## [Exercise objective]
Every record below must be returned word for word, with the pictures left out.

## [Data section]
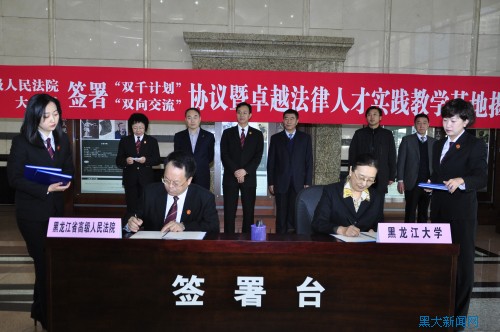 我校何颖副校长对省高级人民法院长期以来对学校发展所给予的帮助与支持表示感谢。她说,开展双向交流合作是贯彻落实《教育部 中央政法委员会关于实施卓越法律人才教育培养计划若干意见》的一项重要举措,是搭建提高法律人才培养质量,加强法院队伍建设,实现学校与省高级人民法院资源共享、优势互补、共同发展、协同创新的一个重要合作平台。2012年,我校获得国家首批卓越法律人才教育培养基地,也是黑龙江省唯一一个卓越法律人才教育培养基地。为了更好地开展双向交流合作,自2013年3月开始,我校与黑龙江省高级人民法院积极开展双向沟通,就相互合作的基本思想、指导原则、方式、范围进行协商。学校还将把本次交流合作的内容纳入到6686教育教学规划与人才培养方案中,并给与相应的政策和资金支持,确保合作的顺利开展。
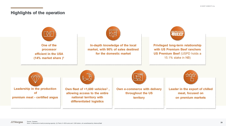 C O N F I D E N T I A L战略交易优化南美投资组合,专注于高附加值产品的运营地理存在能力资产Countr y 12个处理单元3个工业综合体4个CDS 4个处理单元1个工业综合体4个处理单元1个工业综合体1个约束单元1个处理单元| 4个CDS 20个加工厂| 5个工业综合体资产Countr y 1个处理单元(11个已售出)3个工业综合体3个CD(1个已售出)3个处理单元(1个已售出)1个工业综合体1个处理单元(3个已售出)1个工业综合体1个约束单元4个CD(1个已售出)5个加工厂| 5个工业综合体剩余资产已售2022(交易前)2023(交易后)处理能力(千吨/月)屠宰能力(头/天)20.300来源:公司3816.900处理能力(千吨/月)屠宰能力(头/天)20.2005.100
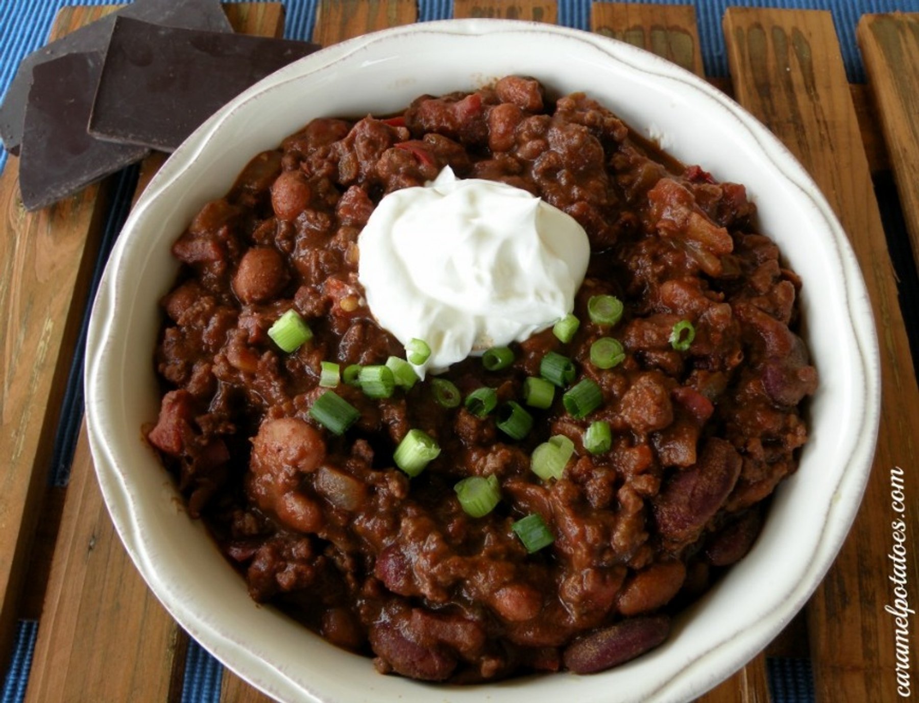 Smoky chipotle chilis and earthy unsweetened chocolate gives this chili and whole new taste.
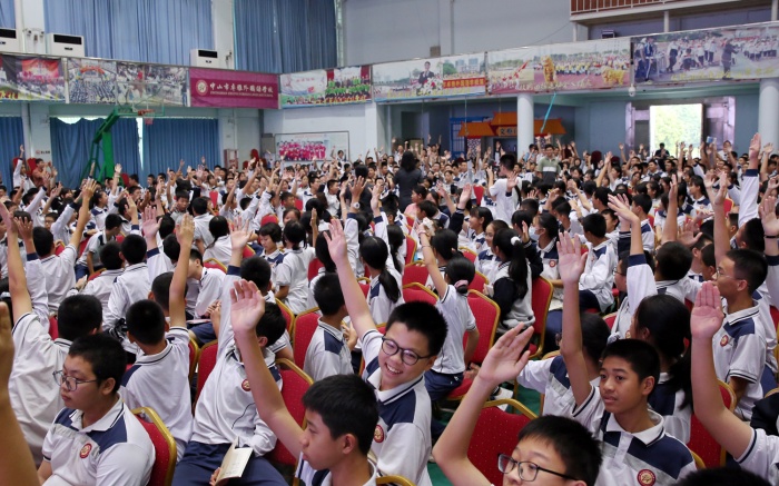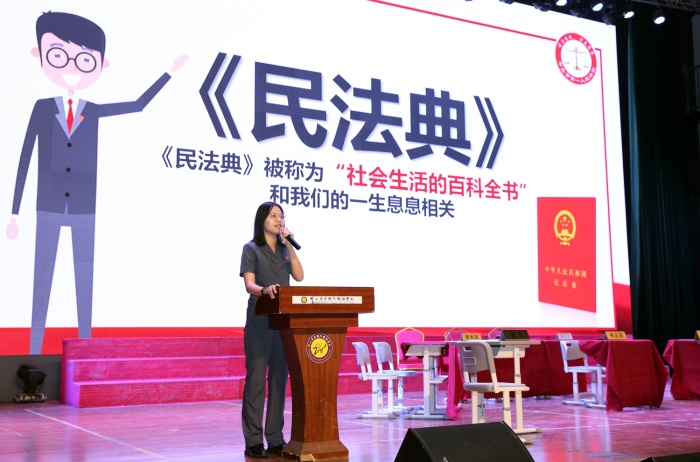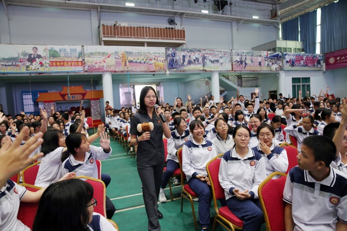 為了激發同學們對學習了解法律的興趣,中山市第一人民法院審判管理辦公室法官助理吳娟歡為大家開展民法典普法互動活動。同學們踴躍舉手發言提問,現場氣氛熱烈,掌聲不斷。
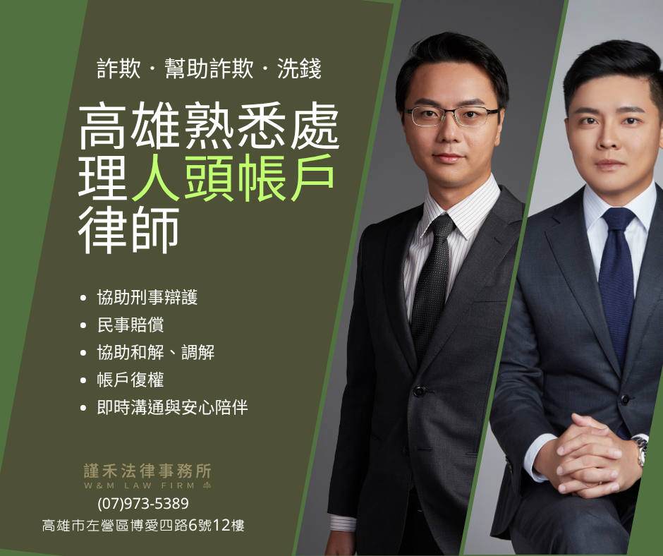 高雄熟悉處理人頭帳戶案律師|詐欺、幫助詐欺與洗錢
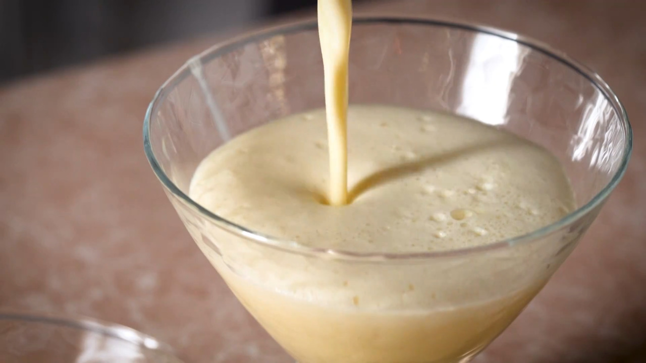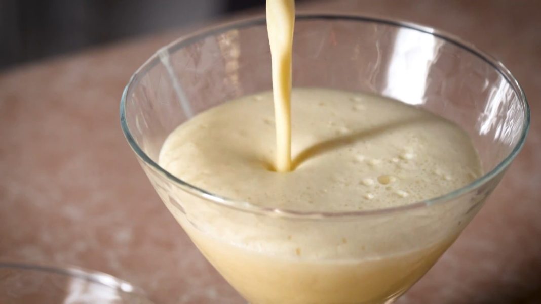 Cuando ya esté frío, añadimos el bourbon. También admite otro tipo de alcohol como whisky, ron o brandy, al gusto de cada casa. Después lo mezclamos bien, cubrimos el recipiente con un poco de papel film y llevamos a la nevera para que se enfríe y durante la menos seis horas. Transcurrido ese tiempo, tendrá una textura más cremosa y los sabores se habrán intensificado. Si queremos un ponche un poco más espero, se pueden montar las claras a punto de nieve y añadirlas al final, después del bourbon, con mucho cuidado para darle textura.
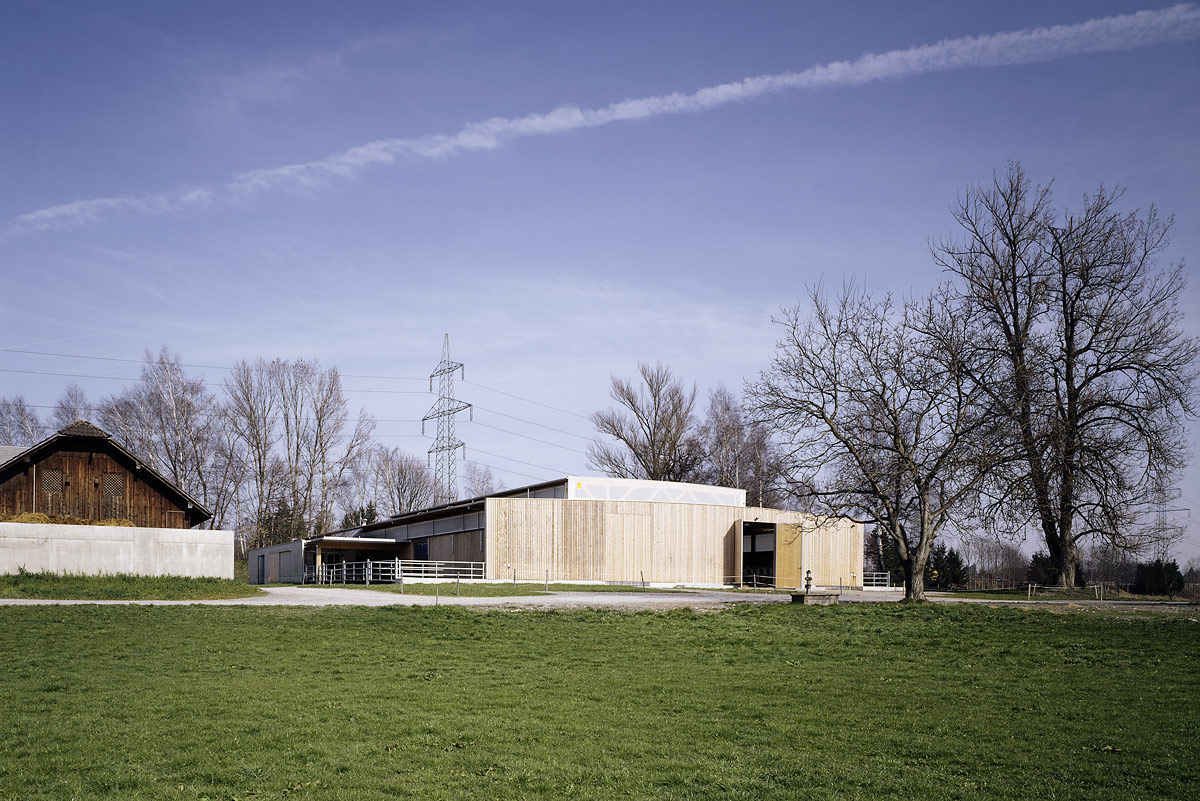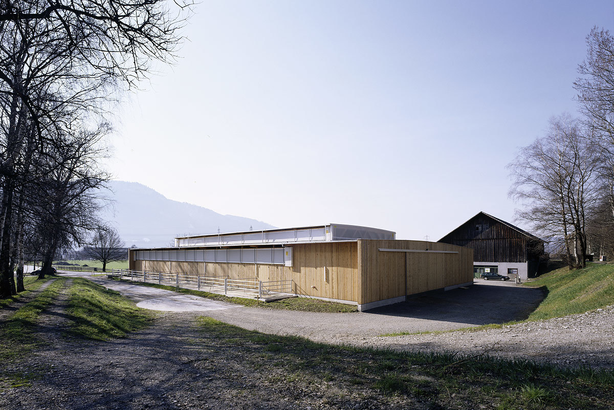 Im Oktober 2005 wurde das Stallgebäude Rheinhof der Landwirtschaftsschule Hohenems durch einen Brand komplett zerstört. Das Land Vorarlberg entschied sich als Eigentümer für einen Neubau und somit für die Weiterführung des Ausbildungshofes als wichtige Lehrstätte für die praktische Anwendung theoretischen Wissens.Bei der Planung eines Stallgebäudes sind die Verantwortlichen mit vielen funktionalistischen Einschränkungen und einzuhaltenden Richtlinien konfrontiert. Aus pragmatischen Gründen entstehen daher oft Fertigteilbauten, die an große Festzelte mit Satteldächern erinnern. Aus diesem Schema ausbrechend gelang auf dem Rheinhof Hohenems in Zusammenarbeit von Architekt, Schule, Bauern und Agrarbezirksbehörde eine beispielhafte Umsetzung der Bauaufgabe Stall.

## [Written answer]
 我校何颖副校长对省高级人民法院长期以来对学校发展所给予的帮助与支持表示感谢。她说,开展双向交流合作是贯彻落实《教育部 中央政法委员会关于实施卓越法律人才教育培养计划若干意见》的一项重要举措,是搭建提高法律人才培养质量,加强法院队伍建设,实现学校与省高级人民法院资源共享、优势互补、共同发展、协同创新的一个重要合作平台。2012年,我校获得国家首批卓越法律人才教育培养基地,也是黑龙江省唯一一个卓越法律人才教育培养基地。为了更好地开展双向交流合作,自2013年3月开始,我校与黑龙江省高级人民法院积极开展双向沟通,就相互合作的基本思想、指导原则、方式、范围进行协商。学校还将把本次交流合作的内容纳入到6686教育教学规划与人才培养方案中,并给与相应的政策和资金支持,确保合作的顺利开展。
 C O N F I D E N T I A L战略交易优化南美投资组合,专注于高附加值产品的运营地理存在能力资产Countr y 12个处理单元3个工业综合体4个CDS 4个处理单元1个工业综合体4个处理单元1个工业综合体1个约束单元1个处理单元| 4个CDS 20个加工厂| 5个工业综合体资产Countr y 1个处理单元(11个已售出)3个工业综合体3个CD(1个已售出)3个处理单元(1个已售出)1个工业综合体1个处理单元(3个已售出)1个工业综合体1个约束单元4个CD(1个已售出)5个加工厂| 5个工业综合体剩余资产已售2022(交易前)2023(交易后)处理能力(千吨/月)屠宰能力(头/天)20.300来源:公司3816.900处理能力(千吨/月)屠宰能力(头/天)20.2005.100
 Smoky chipotle chilis and earthy unsweetened chocolate gives this chili and whole new taste.
 為了激發同學們對學習了解法律的興趣,中山市第一人民法院審判管理辦公室法官助理吳娟歡為大家開展民法典普法互動活動。同學們踴躍舉手發言提問,現場氣氛熱烈,掌聲不斷。
 高雄熟悉處理人頭帳戶案律師|詐欺、幫助詐欺與洗錢
 Cuando ya esté frío, añadimos el bourbon. También admite otro tipo de alcohol como whisky, ron o brandy, al gusto de cada casa. Después lo mezclamos bien, cubrimos el recipiente con un poco de papel film y llevamos a la nevera para que se enfríe y durante la menos seis horas. Transcurrido ese tiempo, tendrá una textura más cremosa y los sabores se habrán intensificado. Si queremos un ponche un poco más espero, se pueden montar las claras a punto de nieve y añadirlas al final, después del bourbon, con mucho cuidado para darle textura.
 Im Oktober 2005 wurde das Stallgebäude Rheinhof der Landwirtschaftsschule Hohenems durch einen Brand komplett zerstört. Das Land Vorarlberg entschied sich als Eigentümer für einen Neubau und somit für die Weiterführung des Ausbildungshofes als wichtige Lehrstätte für die praktische Anwendung theoretischen Wissens.Bei der Planung eines Stallgebäudes sind die Verantwortlichen mit vielen funktionalistischen Einschränkungen und einzuhaltenden Richtlinien konfrontiert. Aus pragmatischen Gründen entstehen daher oft Fertigteilbauten, die an große Festzelte mit Satteldächern erinnern. Aus diesem Schema ausbrechend gelang auf dem Rheinhof Hohenems in Zusammenarbeit von Architekt, Schule, Bauern und Agrarbezirksbehörde eine beispielhafte Umsetzung der Bauaufgabe Stall.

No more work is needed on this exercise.